For the lawyer who asked Jesus about what is the centre of it all, Jesus said – the Samaritan and his compassion in that famous parable we heard last week.
It is the mercy of the unexpected and impossible Samaritan that is to be received for we are all incapable, lying in the ditch of idolatry and self-importance and deafness. It is the mercy of Jesus that makes us, us; gives us the peace for which we long and the place for which we give thanks.
And now, to a weighed down busy, overwhelmed Martha, he points her to one place; listening to that mercy in a man. Taking up the one posture of a learner in the one presence of the One who is master of life and Saviour of distracted performers.
“Sit at my feet, Martha. Listen to me”. That’s the place to be to enjoy a robust, solid, immovable identity in Jesus with your kind and loving heavenly Father no matter your wins or losses, your tragedies or triumphs.
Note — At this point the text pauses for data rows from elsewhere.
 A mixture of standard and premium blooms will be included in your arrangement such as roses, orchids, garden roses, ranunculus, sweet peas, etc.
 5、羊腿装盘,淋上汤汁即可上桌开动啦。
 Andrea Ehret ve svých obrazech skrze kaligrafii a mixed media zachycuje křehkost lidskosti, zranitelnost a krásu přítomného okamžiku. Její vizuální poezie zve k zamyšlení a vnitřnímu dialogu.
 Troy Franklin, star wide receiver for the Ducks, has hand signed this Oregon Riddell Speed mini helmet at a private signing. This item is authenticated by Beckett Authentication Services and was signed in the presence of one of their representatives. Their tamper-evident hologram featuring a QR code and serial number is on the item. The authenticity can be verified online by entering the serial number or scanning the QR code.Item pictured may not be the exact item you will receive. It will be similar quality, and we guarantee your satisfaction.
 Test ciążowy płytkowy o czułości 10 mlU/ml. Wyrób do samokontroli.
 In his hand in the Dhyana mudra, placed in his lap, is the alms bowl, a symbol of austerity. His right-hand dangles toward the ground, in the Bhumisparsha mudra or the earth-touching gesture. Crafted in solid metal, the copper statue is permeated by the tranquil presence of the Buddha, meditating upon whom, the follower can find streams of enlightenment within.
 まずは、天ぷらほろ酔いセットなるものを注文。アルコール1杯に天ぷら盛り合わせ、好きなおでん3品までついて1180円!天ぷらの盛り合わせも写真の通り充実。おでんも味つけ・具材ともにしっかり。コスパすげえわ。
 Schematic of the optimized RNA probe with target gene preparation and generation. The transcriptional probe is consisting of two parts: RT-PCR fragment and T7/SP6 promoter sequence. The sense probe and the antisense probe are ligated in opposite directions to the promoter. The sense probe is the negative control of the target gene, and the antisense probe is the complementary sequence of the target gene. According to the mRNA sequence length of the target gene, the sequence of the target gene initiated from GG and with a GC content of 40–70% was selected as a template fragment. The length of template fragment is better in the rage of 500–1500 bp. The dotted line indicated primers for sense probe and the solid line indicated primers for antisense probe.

Your achievements don’t make you. His mercy and kindness does.
Seems easy for us to hear today, but I am not so sure. It was not easy to hear for the lawyer or for Martha.
Jewish women are not supposed to take the posture of a disciple by sitting at the Rabbi’s feet (as Mary does) and Samaritans are not supposed to be the model of God’s grace over Jewish people (as in the parable). Very tough to hear if you are performing your way into heaven but amazing grace if you know you can’t do that.
Pause now. Hear him.
You don’t need your achievements to be at peace and to know true joy in life. You need Jesus’ achievements for you; his Jerusalem pain for you; his Jerusalem resurrection for you.
The lawyer and the busy lady were given a challenge by the King of Love because of love. We know Martha received that challenging love and trusted Jesus. Not sure about the lawyer. What about you?
You don’t need to compare, judge, win, stay on top of things, be positive lest that house of cards falls.
You have already fallen, and completely, in the font: just as completely you have been raised to new heights of his mercy. For love, the Samaritan and Mary have shown you up.
The Teacher has named your distraction today and the journey to the new Jerusalem continues for you.
Live in this house of mercy with big ears and plenty of time. It is what makes you, you and makes you a person of peace and of good news about what Jesus is doing.
Sit at the teacher’s feet – Samaritans, women, men, Christians, old, young, lazy, busy, joyless and joyful. His mercy is the place to be so we can then go and do.
That is the kind of activity that won’t crush you or kill your relationships. There will be joy in your house and in your soul. You will be a person who brings peace and its joy to those around you.
Listening to Mercy. That’s your centre. That’s his gentle prod in your spirit today – and it all for mercy’s sake.